_TO DO_
Everything from the line with "- リーガルジョブマガジン司法書士限定 就職・転職フェアオンライン2023の申し込みページ。" through the last line of the data below should be copied exactly, apart from the pictures.

_INFORMATION SUPPLIED_
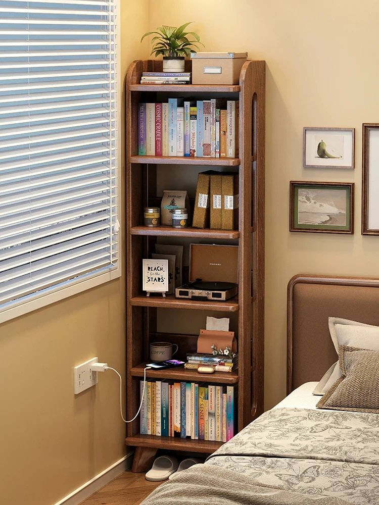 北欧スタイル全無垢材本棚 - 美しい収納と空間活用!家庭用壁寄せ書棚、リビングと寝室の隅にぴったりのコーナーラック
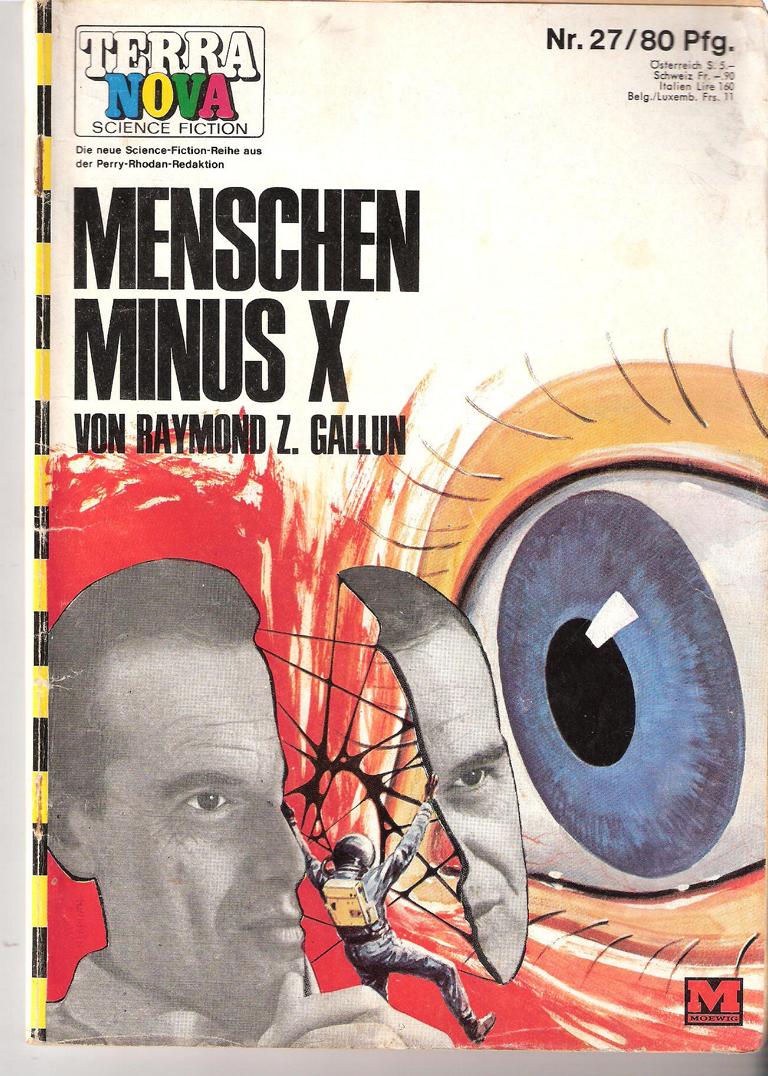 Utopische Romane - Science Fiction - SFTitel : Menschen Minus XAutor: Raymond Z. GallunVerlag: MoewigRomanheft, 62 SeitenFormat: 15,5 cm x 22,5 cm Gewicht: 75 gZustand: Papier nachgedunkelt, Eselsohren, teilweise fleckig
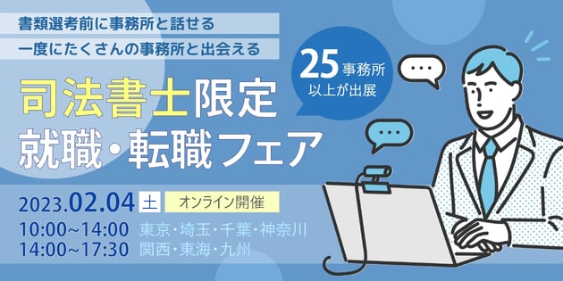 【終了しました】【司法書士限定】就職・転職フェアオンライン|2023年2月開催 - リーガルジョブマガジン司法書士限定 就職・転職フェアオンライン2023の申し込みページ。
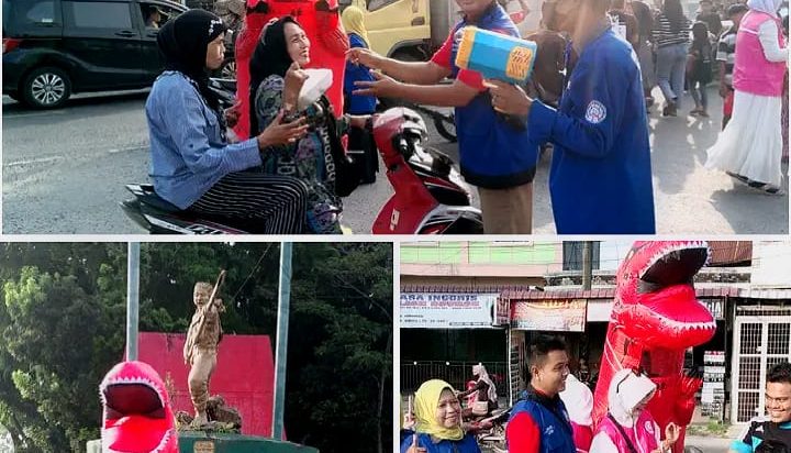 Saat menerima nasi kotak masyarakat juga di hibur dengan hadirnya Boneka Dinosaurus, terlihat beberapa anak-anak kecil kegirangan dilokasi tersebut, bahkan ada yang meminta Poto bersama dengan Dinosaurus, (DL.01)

_EXERCISE ANSWER_
 【終了しました】【司法書士限定】就職・転職フェアオンライン|2023年2月開催 - リーガルジョブマガジン司法書士限定 就職・転職フェアオンライン2023の申し込みページ。
 Saat menerima nasi kotak masyarakat juga di hibur dengan hadirnya Boneka Dinosaurus, terlihat beberapa anak-anak kecil kegirangan dilokasi tersebut, bahkan ada yang meminta Poto bersama dengan Dinosaurus, (DL.01)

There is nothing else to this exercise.